WORK REQUEST: Restate word for word the lines below from the one that has "Celebrate love and" through the one that has "La ceremonia contó", keeping both and dropping all pictures.

DATA RECORDS:
[Start of Attachment]
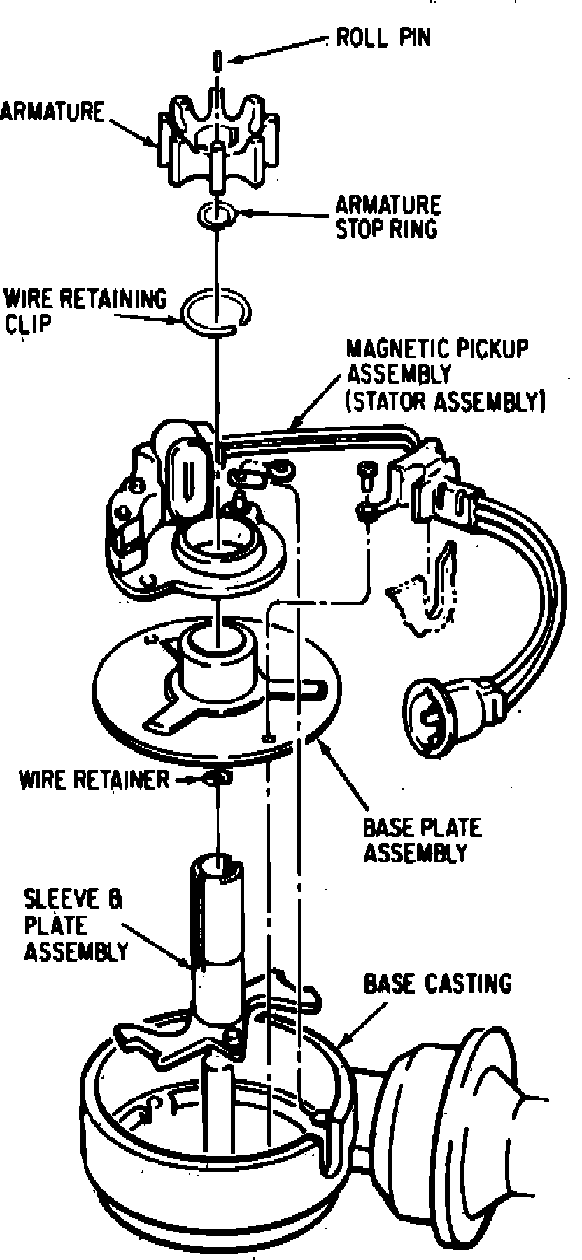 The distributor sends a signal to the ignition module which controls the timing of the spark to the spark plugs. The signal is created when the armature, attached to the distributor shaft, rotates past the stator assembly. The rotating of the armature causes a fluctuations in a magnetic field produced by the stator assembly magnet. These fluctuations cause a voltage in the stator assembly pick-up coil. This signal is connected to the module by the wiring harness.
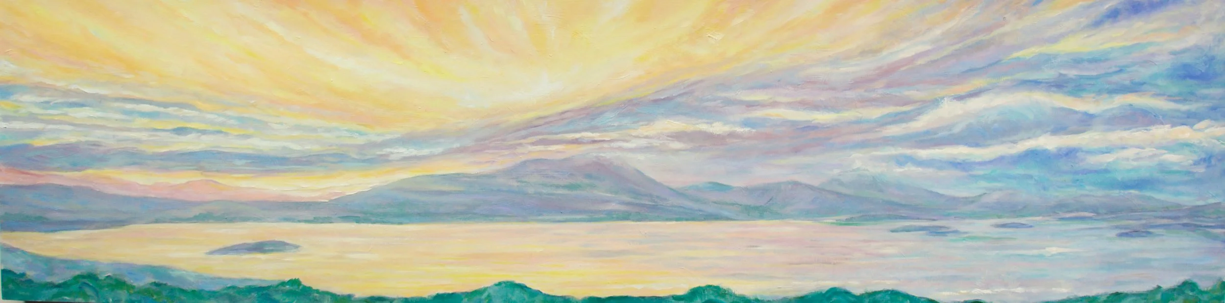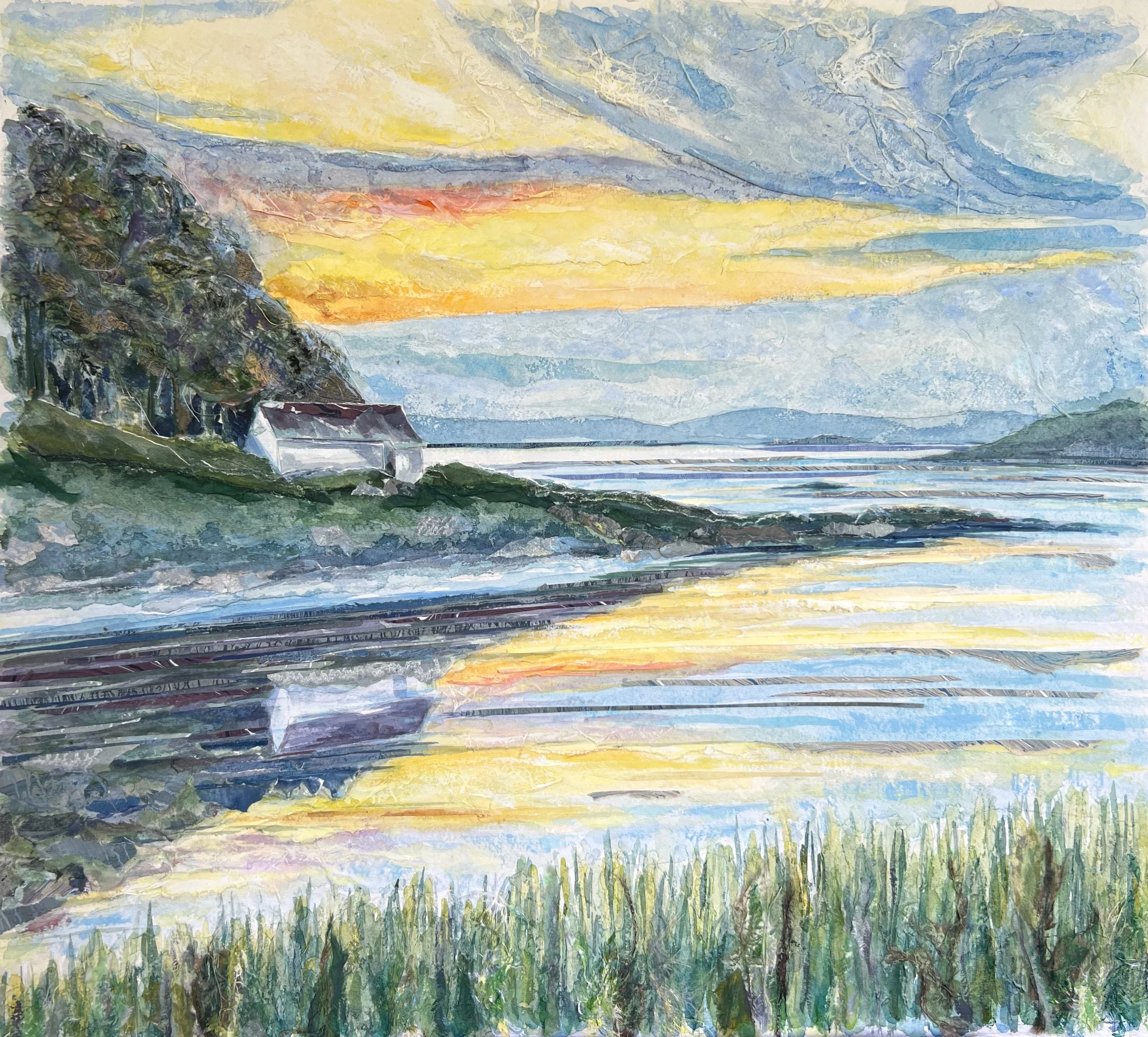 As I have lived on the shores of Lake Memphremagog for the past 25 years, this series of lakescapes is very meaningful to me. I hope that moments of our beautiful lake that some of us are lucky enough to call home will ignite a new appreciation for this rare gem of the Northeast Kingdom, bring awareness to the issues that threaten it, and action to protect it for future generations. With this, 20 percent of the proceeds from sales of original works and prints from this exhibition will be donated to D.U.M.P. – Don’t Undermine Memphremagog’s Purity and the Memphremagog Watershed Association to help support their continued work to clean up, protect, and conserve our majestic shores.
[End of Attachment]
[Start of Attachment]
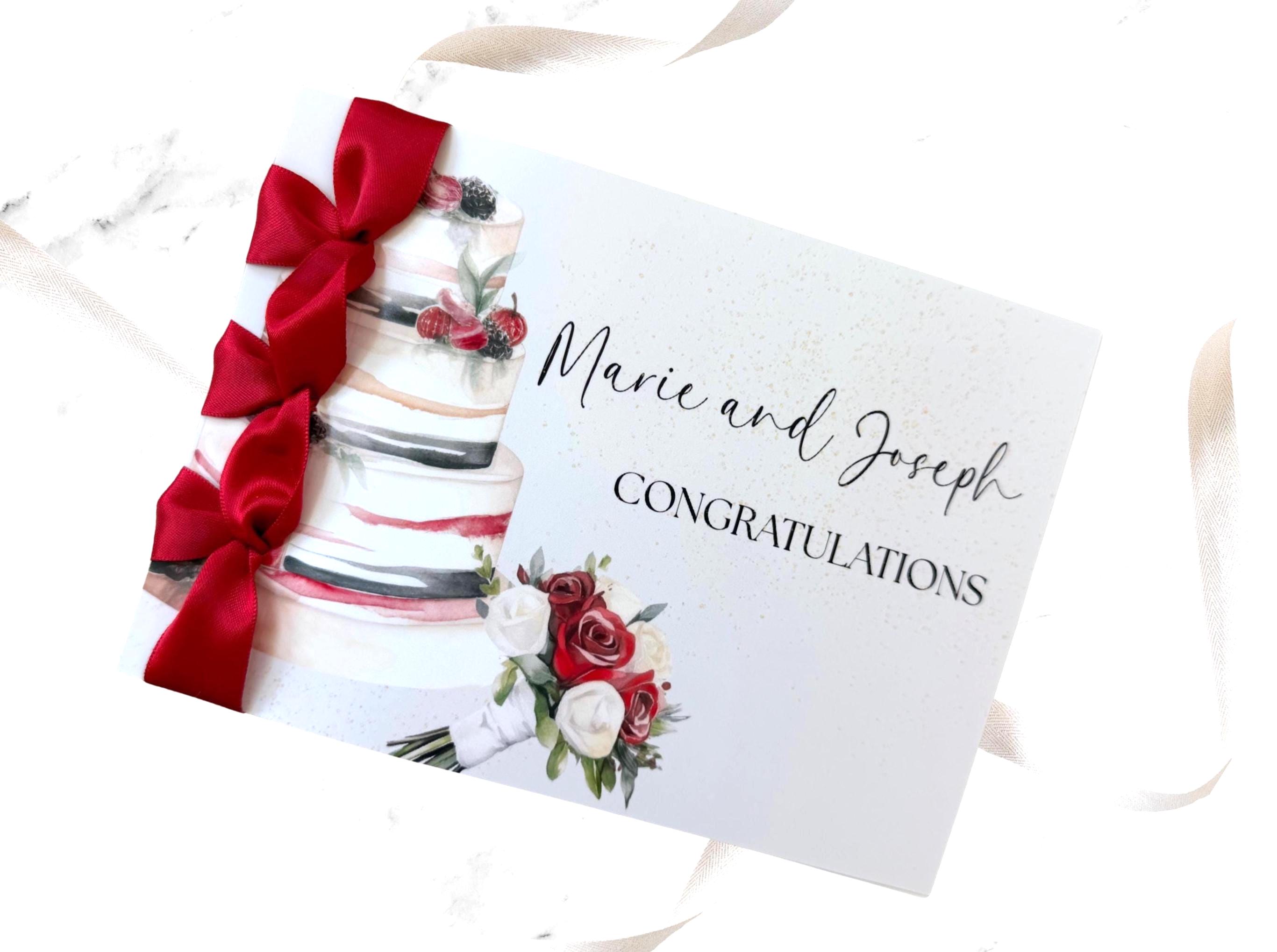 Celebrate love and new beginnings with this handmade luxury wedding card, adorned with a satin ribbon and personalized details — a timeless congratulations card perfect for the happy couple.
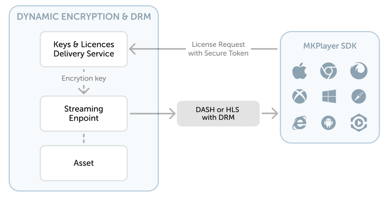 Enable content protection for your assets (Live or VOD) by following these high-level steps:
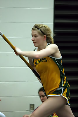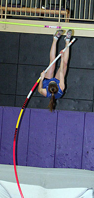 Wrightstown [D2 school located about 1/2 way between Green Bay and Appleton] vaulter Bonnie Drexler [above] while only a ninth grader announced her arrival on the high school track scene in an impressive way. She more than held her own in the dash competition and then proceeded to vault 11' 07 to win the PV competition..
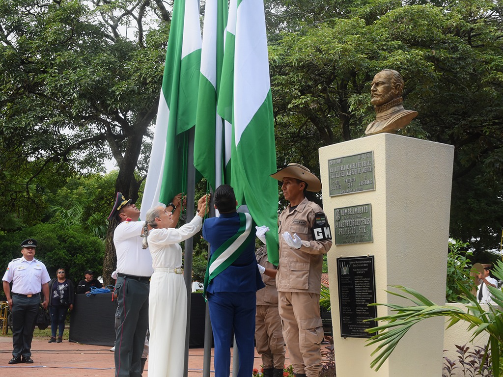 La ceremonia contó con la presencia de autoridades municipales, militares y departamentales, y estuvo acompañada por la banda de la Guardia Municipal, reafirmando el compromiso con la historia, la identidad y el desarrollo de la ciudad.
[End of Attachment]
RESPONSE:
 Celebrate love and new beginnings with this handmade luxury wedding card, adorned with a satin ribbon and personalized details — a timeless congratulations card perfect for the happy couple.
 Enable content protection for your assets (Live or VOD) by following these high-level steps:
 Wrightstown [D2 school located about 1/2 way between Green Bay and Appleton] vaulter Bonnie Drexler [above] while only a ninth grader announced her arrival on the high school track scene in an impressive way. She more than held her own in the dash competition and then proceeded to vault 11' 07 to win the PV competition..
 La ceremonia contó con la presencia de autoridades municipales, militares y departamentales, y estuvo acompañada por la banda de la Guardia Municipal, reafirmando el compromiso con la historia, la identidad y el desarrollo de la ciudad.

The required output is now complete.